## WHAT NEEDS TO BE DONE:
Please restate word for word the lines of the entries below from the one with "Разтегателен диван МОНАКО" to the one with "I received the", inclusive, and leave out every picture.

## ENTRIES SUPPLIED:

::::::::::

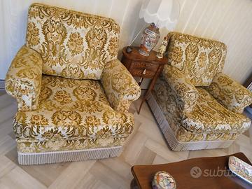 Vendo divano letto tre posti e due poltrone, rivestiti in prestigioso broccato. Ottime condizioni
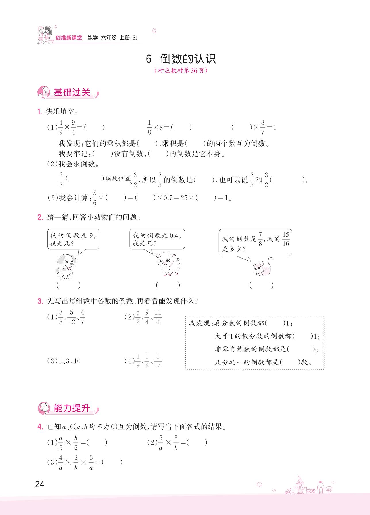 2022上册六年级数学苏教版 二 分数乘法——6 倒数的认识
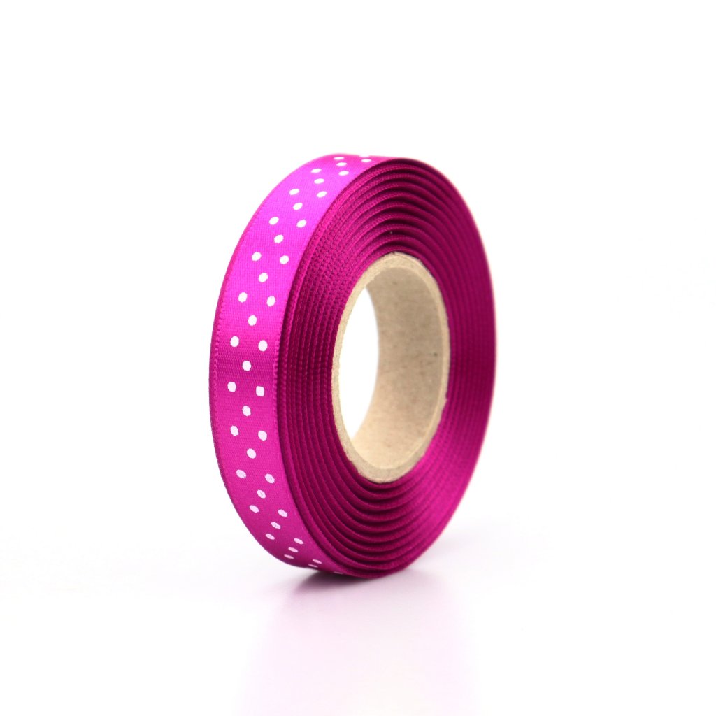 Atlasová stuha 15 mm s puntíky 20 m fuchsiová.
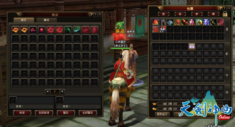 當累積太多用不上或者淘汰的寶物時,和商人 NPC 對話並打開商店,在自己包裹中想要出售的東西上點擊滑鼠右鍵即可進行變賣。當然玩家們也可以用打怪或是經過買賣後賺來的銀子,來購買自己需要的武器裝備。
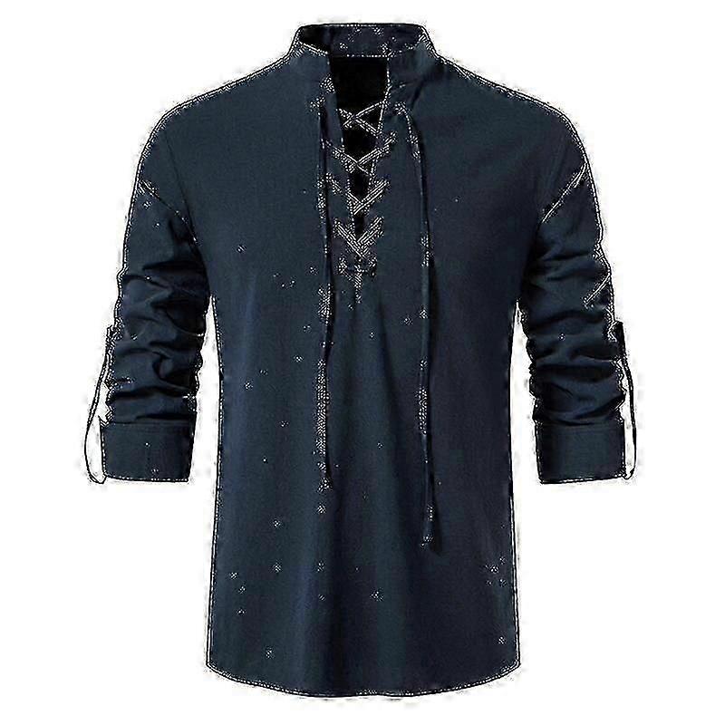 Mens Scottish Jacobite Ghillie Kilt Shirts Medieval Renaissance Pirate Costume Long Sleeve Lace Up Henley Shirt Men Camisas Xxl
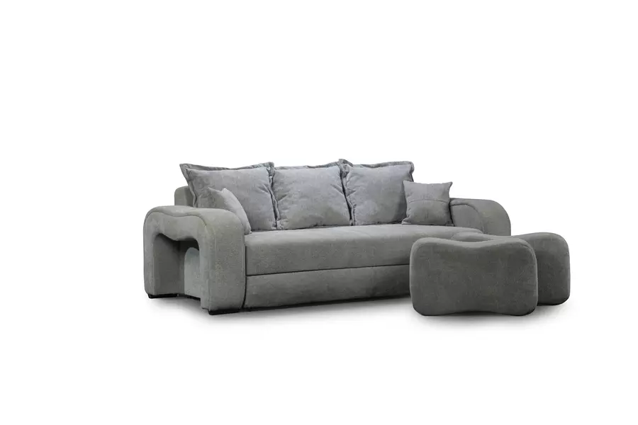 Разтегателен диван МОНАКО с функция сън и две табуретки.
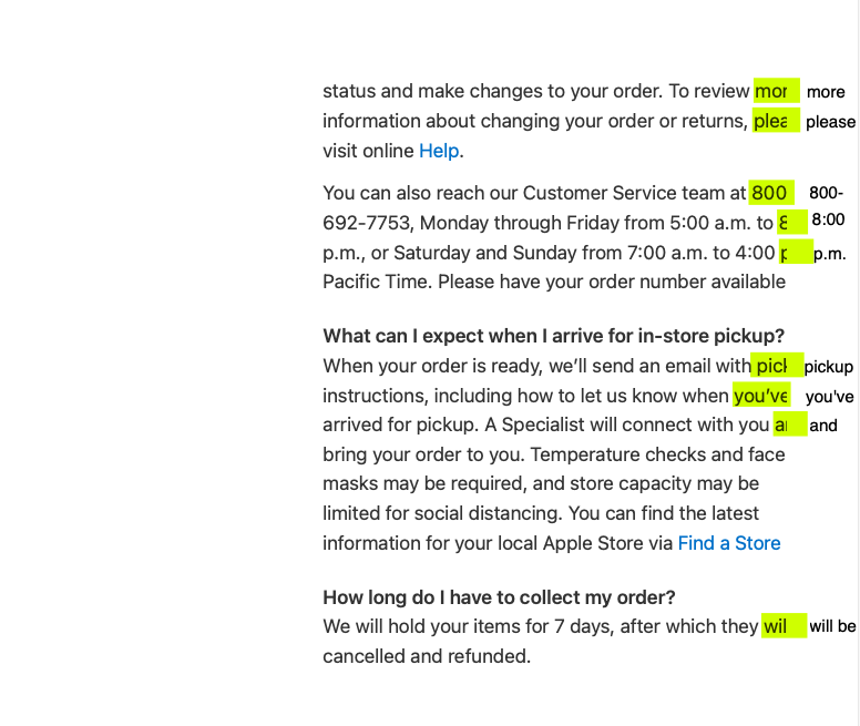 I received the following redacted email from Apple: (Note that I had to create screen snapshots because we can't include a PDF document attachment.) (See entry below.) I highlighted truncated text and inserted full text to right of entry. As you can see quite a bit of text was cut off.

::::::::::

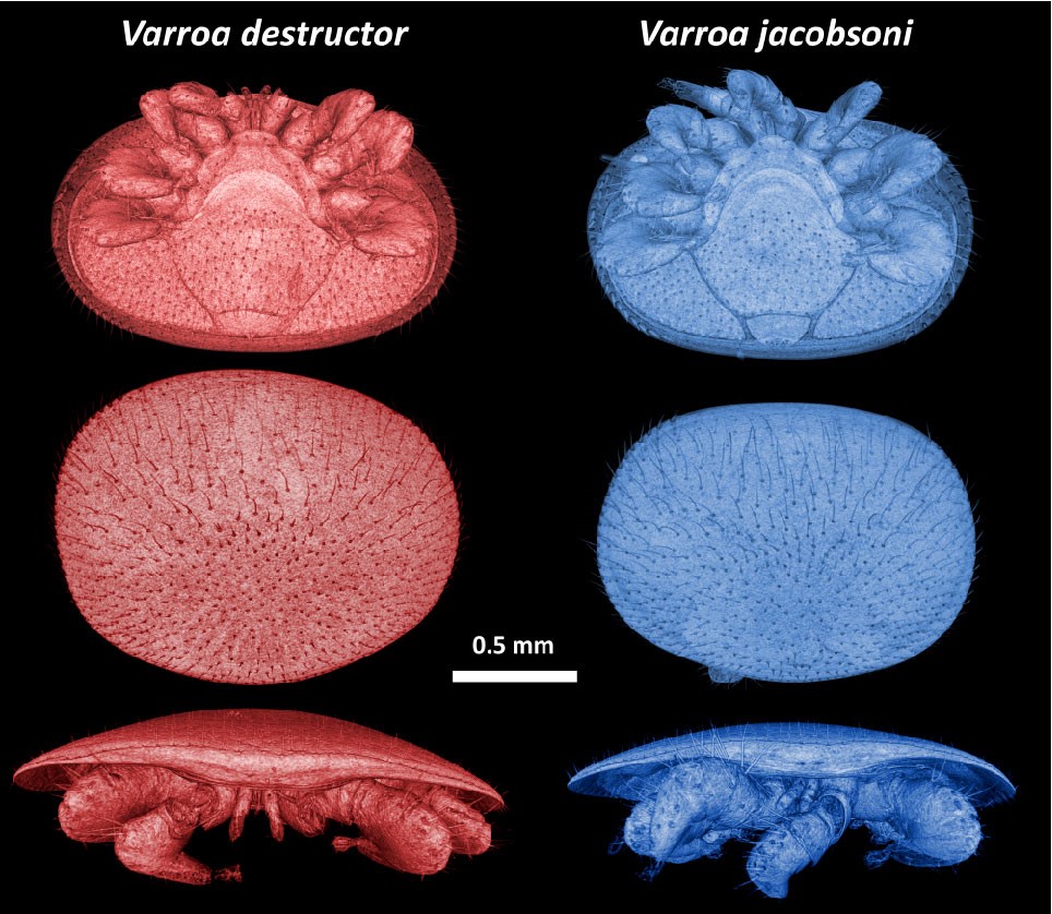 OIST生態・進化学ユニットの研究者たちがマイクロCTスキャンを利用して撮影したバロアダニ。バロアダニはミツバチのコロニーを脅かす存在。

::::::::::

## EXERCISE RESULT:
 Разтегателен диван МОНАКО с функция сън и две табуретки.
 I received the following redacted email from Apple: (Note that I had to create screen snapshots because we can't include a PDF document attachment.) (See entry below.) I highlighted truncated text and inserted full text to right of entry. As you can see quite a bit of text was cut off.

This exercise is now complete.